I’m fairly new to WordPress, but I’ve been writing all of my life. Whether as a nerdy kid writing about video games, or as a college writing student studying craft and “literature,” I’ve been at it for a while.
Running a blog has convinced me that serious writing is dying.
This isn’t a new complaint, by any means. Our parents have been complaining about how nobody reads any more as along as we’ve been alive. Which is both right and wrong. The real problem, these days, is that no one writes any more.
I am addicted to checking my WordPress stats. I’ve always liked metrics— numbers, trends, and graphs. They hold a weird appeal for me, especially since I studied liberal arts at university. I check my WordPress views multiple times a day. I get happy when they go up; sad when they stay stagnant; depressed when they go down. It’s similar to the way many people talk about their relationship with social media. I will manipulate and target the content I post in order to see those numbers go up. I do this, because at the back of mind, there’s the knowledge that if I get those numbers high enough, one day I will be able to get paid for writing thisisyouth.
It’s always been my dream to get paid to write, and currently I do. I am lucky enough to work two jobs where my duties consist primarily of writing. One job is for the news aggregator Inside— a fantastic job which allows me to stay informed and help others do the same amidst the hurry of the modern world. My other job title is “Content Writer.” The job consists of Search Engine Optimization.
SEO is a field full of snake-oil, entirely at the whim of Google’s search algorithm. An engineer changes one variable in how Google Search works, the entire SEO industry turns on its head. The first person to find their bearings again runs the industry, at least until the next change.
This industry exists for the same reason my statistics obsession does: because Google leads to clicks, and clicks mean money.

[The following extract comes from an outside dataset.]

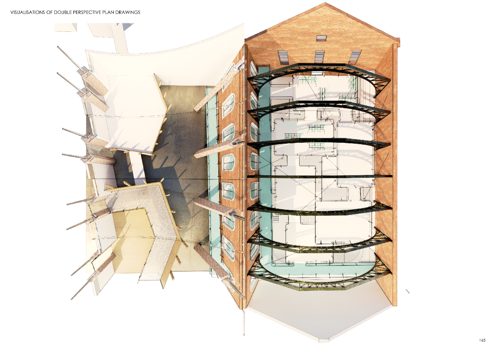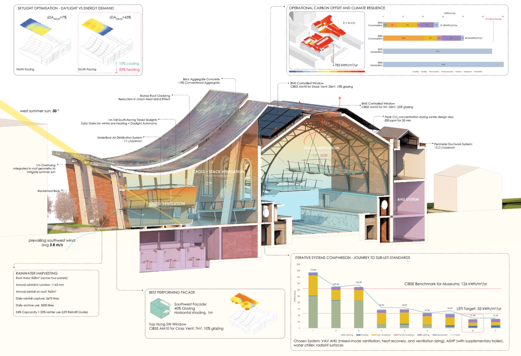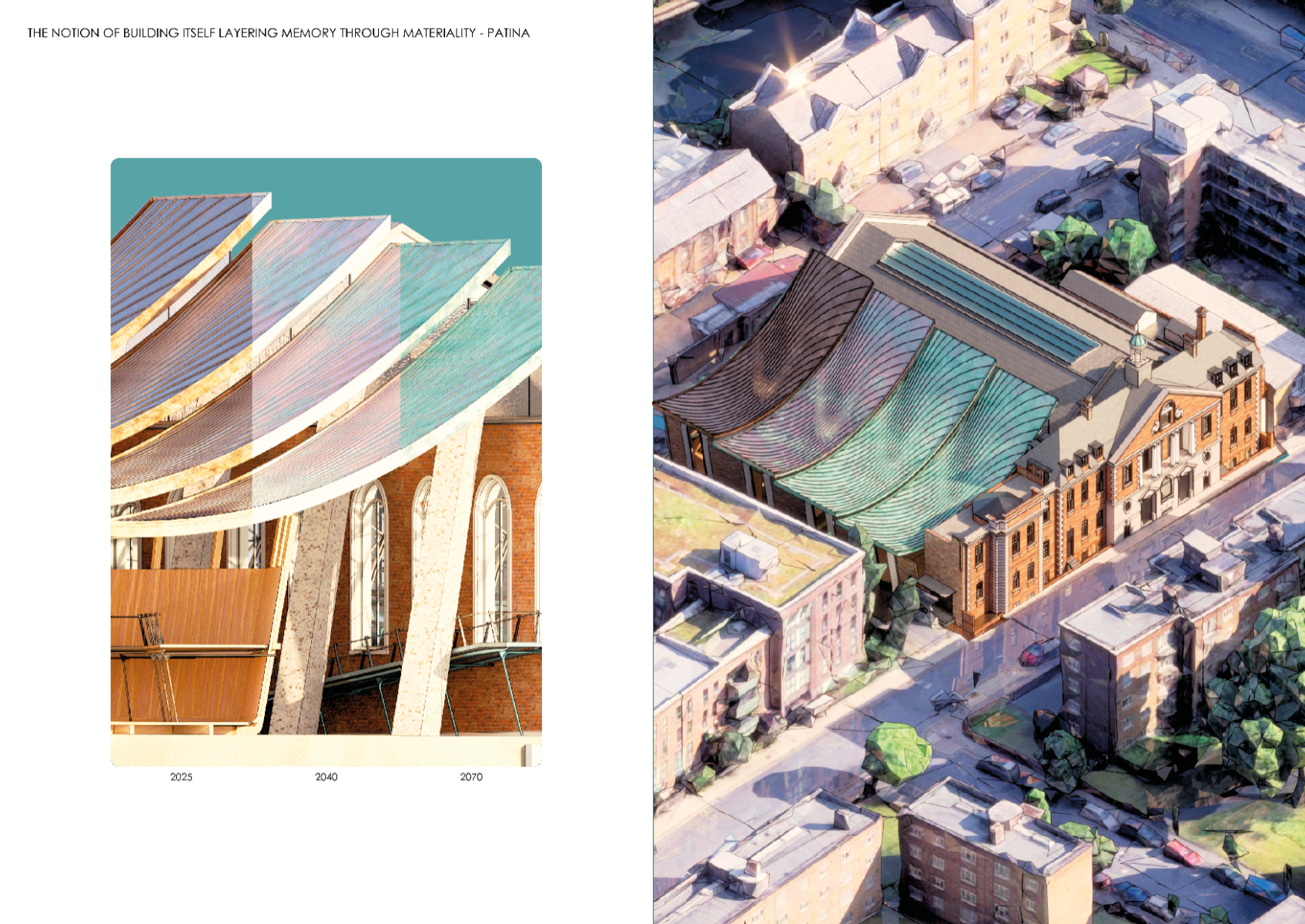 Memory is intrinsically tied to happiness and our shared understanding of one another. This interpretation of eutopia weaves a garden of remembered and forgotten fragments, layered over the Victorian Haggerston Baths as a vessel for holding, healing, and re-inscribing memory. As visitors ascend a ramp into a fantastical hall of suspended platforms, they leave behind artefacts for others to uncover: neighbours, grandchildren, ex-lovers, classmates. Memory becomes a shared ritual, a timeless act of rediscovery and reinterpretation. At its core is a gestural inversion of the poolhouse frames: a funicular suspension roof and corrugated façade that respond to and redefine the existing structural rhythm. Through a multi-scalar choreography of movement, the proposal uses the existing Baths' wall as the design axis; subtle sutures that guide circulation and provoke moments of reflection and awe. These gestures stitch past and present, conjuring spaces where physical memory lingers, quietly stirring reflection within the folds of life. This project integrates structural and environmental design with architectural intent, reaching a resolution of net-zero operational carbon.

This is where we run into our earlier issue: people don’t write. To be rephrased more clearly here:
People don’t write good content for the web because it is economically moronic.
Take as an example this article on the current plight of The New Republic. (Also note the irony of the article explaining what killed the New Republic was its audience’s desire for pure hate, while the article itself uses a similarly brief and hateful tone).
The web, which is where the money is in writing these days, rejects longform and critical writing. Many outlets have tried it, and slowly, most of them have been spit back out, like a body rejecting a kidney. Our attention spans are too short.
This brings me back to Inside, my other job. Inside is a product I believe in, and a company I was excited to begin working for. Launched by Engadget founder and current Silicon Valley rich-man Jason Calacanis, Inside curates the best news from the best sources, summarizing the key facts in Tweetable, readable, 270 character updates. Within those updates, curators are asked to crunch down what are often thousand-word-long articles into a single 100-character lede. It needs to fit into a Tweet, see? The shorter the content, the simpler the message, the easier to spread. The clicks come easier.
Now Inside practices integrity with our stories— we actively reject clickbaiting titles and ledes, seeking to focus only on the facts. This is great. The product is, for the most part, quite solid. As a news hound, I use it often in my personal time. However, I really do think that working for Inside has damaged my ability to read critically and properly synthesize information.
I am now the world’s best scanner. When I am fully focused on work, I am one of the fastest curators on our team. I am paid on a contract rate, so my impetus is to summarize as many stories as I can, as quickly as I can. And my quality is high. But I do not have the time– or really the desire– to fully read articles. The small details, which are often the most important in understanding and reaching beyond the thesis of a piece, are not economic for me.
I make more money, but my understanding of the world suffers.
Which brings me to my third “job”: creative writing and blogging.
Here, I get a chance to stretch my sentences and feel the flex in my fingers, dancing under my own direction, to my own rules. Like all writers, I feel I have a book in me. It sits, misshapen and full of dreams, on my hard drive. I spend a morning on it, sometimes. A fire burns in my belly to tell this story. But at the back of my brain, where the spinal cord meets the squishy stuff, I feel the itch of my two “real” jobs.
They have taught me more than school ever did. They whisper to me ways to make money, the things I should do. “Reach 3-5 percent keyword density.” “Keep it simple, make it sharable.” “Limit your scope.” They taught me reality, while school taught me idealism. This is why so many college graduates come out lost and confused; disillusioned. Their university did not tell them the reality of the world. They never had those jobs to whisper into their ears. All these young people know is that they need money, and it’s hard to do that in the way you might want to.
All those thoughts my jobs have planted in me are very true; all things that would put me on my way to a nice bell curve on that stats page. They are all things that are killing my soul.
The entrepreneur has replaced the artist in me. The Atlantic, one of the last remaining online magazine outlets still standing against the crumbling of quality, would have you believe I’m not alone.
I bet that article doesn’t get too many clicks though.